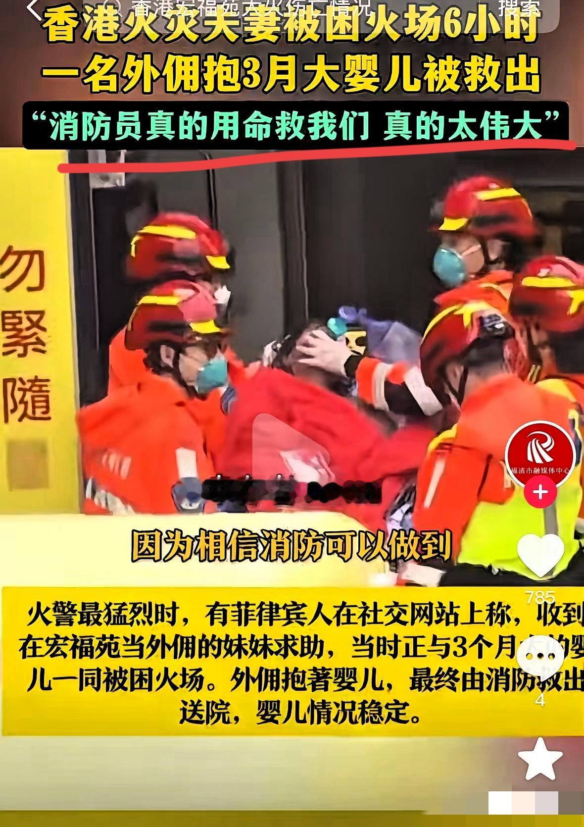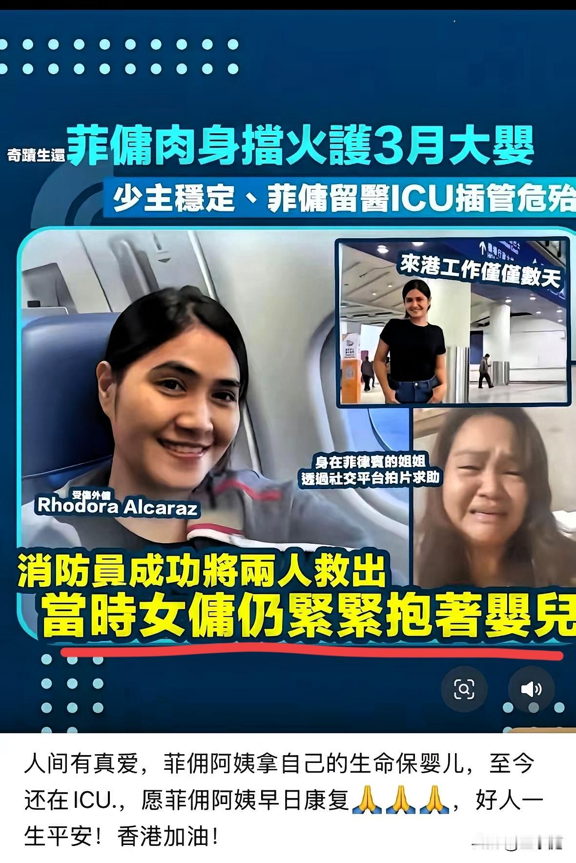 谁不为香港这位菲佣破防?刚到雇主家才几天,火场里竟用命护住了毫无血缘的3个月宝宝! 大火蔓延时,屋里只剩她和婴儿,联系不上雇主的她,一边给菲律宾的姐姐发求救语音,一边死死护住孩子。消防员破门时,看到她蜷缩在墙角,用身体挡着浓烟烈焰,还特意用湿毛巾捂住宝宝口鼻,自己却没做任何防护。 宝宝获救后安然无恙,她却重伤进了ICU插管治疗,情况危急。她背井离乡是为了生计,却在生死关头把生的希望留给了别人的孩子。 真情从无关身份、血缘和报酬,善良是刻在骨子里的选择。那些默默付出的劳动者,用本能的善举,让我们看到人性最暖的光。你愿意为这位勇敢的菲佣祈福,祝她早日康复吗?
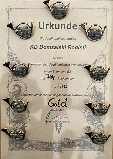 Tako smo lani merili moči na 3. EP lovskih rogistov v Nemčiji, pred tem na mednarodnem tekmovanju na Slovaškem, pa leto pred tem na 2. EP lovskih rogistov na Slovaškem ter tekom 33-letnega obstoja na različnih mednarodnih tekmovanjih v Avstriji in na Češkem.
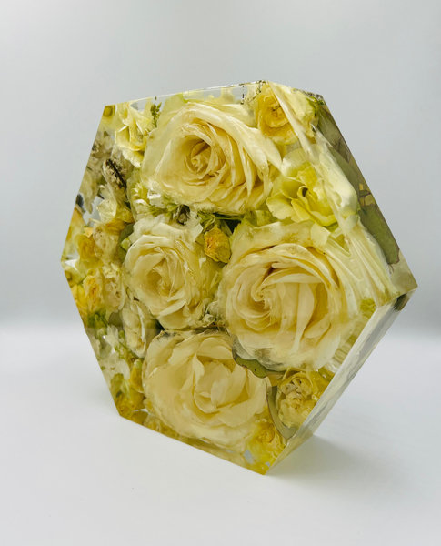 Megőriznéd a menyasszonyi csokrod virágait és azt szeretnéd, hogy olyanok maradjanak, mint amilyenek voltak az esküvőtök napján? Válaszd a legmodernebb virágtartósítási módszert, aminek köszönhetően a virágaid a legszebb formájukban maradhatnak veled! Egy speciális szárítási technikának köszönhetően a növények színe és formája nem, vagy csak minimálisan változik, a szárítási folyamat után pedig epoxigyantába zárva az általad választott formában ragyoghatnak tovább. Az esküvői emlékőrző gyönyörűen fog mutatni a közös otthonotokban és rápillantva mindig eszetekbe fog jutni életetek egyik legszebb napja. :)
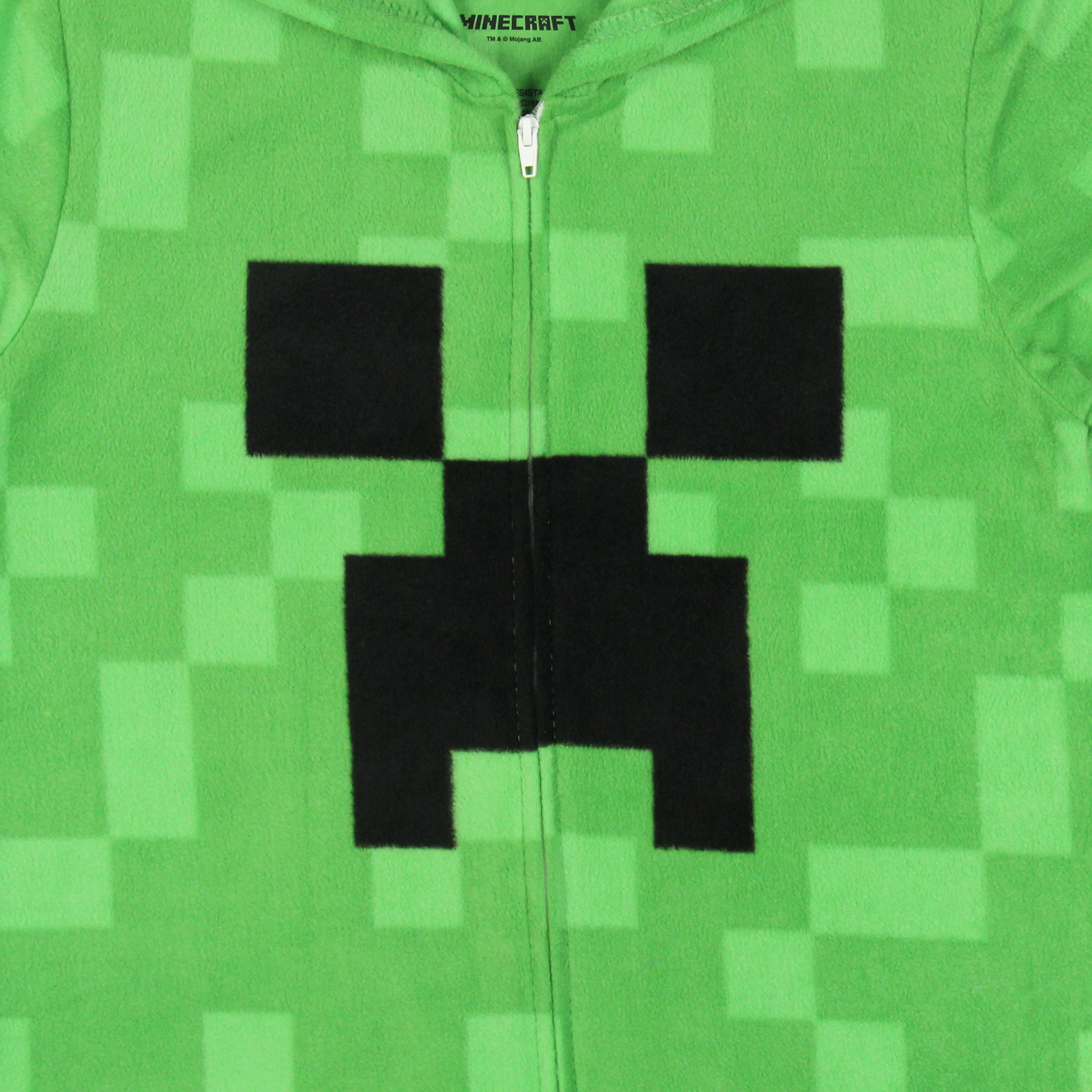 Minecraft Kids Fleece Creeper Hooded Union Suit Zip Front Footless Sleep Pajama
---
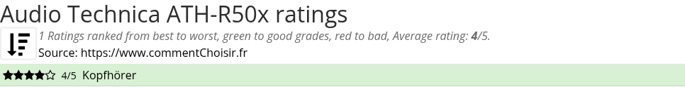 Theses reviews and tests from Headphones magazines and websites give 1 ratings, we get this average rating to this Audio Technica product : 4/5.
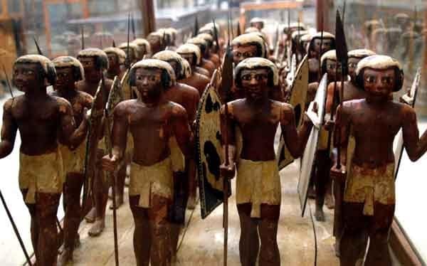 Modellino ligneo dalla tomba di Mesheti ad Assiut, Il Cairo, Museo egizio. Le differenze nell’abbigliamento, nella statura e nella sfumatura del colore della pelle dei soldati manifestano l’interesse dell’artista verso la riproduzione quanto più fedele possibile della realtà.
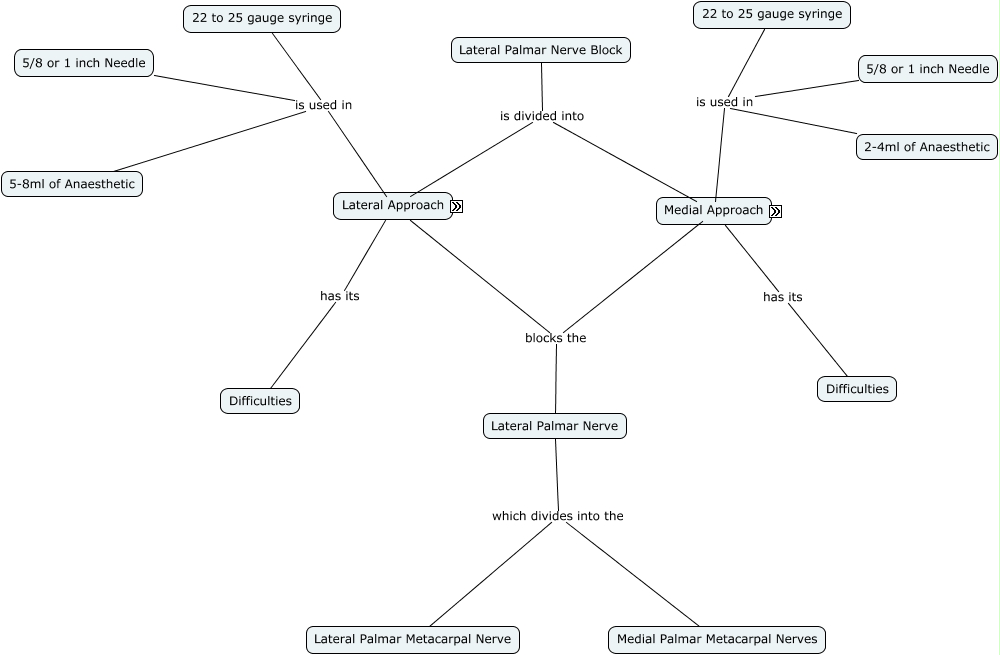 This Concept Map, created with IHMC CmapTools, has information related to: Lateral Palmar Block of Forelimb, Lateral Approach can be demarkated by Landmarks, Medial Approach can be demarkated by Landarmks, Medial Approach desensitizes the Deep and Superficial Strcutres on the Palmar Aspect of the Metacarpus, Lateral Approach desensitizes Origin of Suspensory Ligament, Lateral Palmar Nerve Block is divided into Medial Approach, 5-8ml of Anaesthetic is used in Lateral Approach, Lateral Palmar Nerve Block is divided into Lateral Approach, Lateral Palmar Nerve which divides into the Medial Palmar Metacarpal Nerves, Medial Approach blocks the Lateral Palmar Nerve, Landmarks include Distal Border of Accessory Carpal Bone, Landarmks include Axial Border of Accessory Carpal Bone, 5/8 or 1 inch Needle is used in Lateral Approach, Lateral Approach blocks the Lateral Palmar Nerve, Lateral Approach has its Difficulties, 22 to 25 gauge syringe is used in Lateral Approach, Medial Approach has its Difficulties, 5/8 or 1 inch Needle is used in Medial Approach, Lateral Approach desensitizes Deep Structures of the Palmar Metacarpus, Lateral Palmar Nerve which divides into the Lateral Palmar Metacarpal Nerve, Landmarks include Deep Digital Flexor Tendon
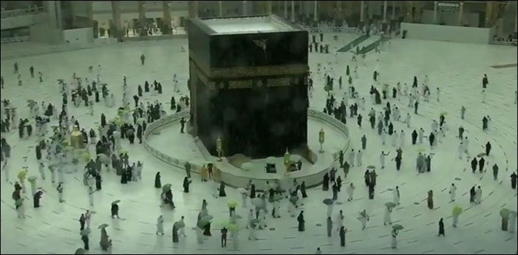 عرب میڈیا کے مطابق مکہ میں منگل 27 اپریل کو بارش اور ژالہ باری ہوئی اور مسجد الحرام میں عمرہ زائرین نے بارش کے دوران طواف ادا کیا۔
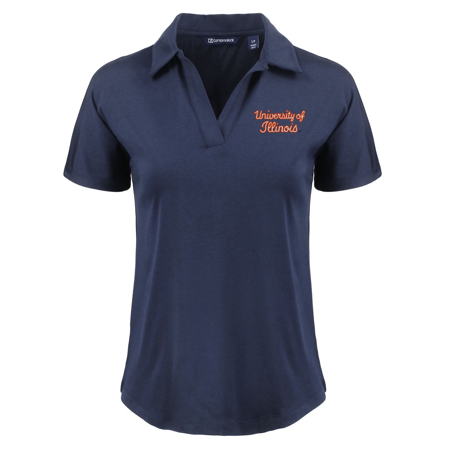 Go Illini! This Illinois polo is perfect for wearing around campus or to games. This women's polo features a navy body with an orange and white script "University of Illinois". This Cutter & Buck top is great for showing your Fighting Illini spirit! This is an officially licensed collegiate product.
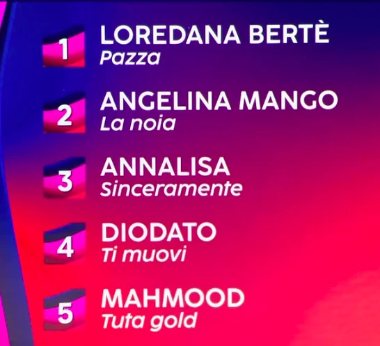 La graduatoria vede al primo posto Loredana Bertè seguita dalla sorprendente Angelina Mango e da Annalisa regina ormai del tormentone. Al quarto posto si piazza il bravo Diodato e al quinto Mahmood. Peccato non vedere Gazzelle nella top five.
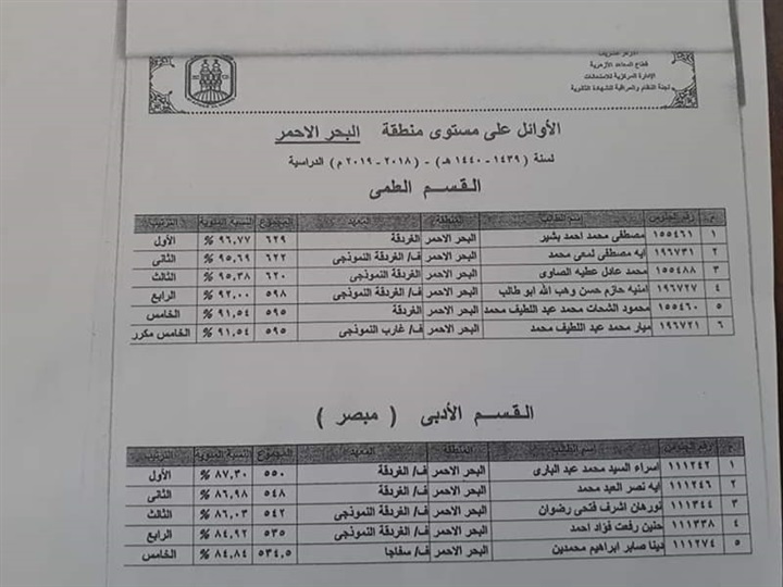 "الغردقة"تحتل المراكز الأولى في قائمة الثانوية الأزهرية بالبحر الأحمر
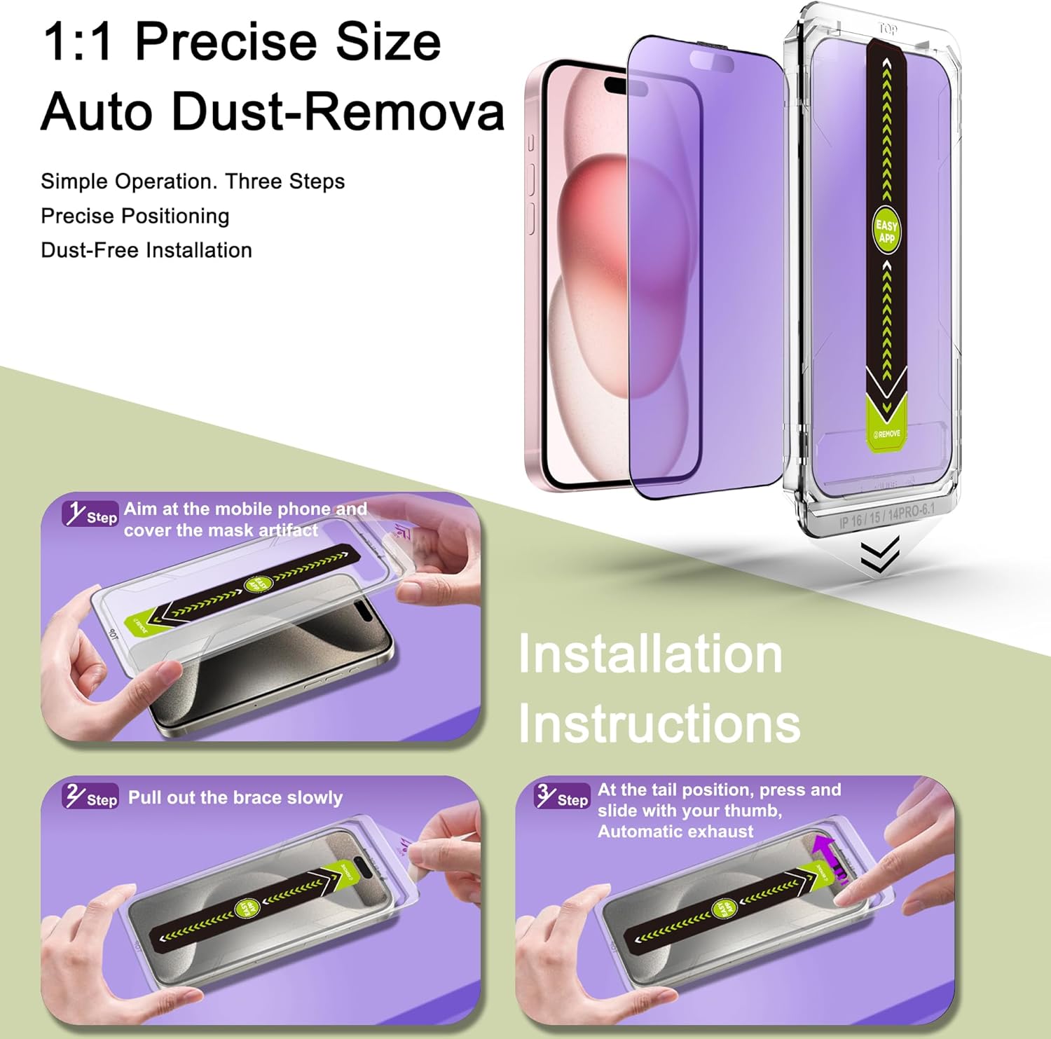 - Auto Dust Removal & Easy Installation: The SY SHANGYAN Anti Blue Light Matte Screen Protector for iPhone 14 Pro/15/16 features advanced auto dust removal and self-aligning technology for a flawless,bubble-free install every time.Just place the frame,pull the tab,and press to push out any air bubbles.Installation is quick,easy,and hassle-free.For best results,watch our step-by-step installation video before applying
--
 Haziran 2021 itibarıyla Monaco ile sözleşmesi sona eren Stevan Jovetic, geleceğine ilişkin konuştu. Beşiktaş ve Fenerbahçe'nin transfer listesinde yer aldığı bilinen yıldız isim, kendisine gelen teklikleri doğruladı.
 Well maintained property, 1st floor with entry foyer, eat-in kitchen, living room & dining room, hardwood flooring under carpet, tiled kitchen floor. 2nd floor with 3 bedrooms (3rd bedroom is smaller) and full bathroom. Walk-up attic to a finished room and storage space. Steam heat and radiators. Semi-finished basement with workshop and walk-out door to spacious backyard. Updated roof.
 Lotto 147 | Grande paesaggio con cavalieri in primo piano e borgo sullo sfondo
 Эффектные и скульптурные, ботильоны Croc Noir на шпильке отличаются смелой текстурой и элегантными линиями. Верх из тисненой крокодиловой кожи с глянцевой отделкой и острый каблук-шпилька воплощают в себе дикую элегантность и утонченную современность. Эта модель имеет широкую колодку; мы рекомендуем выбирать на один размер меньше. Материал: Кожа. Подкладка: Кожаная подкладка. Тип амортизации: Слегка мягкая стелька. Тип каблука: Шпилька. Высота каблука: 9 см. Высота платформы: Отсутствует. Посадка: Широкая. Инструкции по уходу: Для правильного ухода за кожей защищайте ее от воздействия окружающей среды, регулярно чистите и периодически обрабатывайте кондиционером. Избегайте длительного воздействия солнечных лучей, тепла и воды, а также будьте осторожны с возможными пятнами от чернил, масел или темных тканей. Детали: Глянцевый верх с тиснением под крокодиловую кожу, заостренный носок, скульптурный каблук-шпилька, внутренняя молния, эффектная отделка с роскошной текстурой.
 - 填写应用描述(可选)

▸ **EXERCISE GOAL**
Go down the entries above from the line containing "Go Illini! This" to the line containing "- Auto Dust" and write out each line exactly, leaving pictures out.

▸ **EXPECTED ANSWER**
 Go Illini! This Illinois polo is perfect for wearing around campus or to games. This women's polo features a navy body with an orange and white script "University of Illinois". This Cutter & Buck top is great for showing your Fighting Illini spirit! This is an officially licensed collegiate product.
 La graduatoria vede al primo posto Loredana Bertè seguita dalla sorprendente Angelina Mango e da Annalisa regina ormai del tormentone. Al quarto posto si piazza il bravo Diodato e al quinto Mahmood. Peccato non vedere Gazzelle nella top five.
 "الغردقة"تحتل المراكز الأولى في قائمة الثانوية الأزهرية بالبحر الأحمر
 - Auto Dust Removal & Easy Installation: The SY SHANGYAN Anti Blue Light Matte Screen Protector for iPhone 14 Pro/15/16 features advanced auto dust removal and self-aligning technology for a flawless,bubble-free install every time.Just place the frame,pull the tab,and press to push out any air bubbles.Installation is quick,easy,and hassle-free.For best results,watch our step-by-step installation video before applying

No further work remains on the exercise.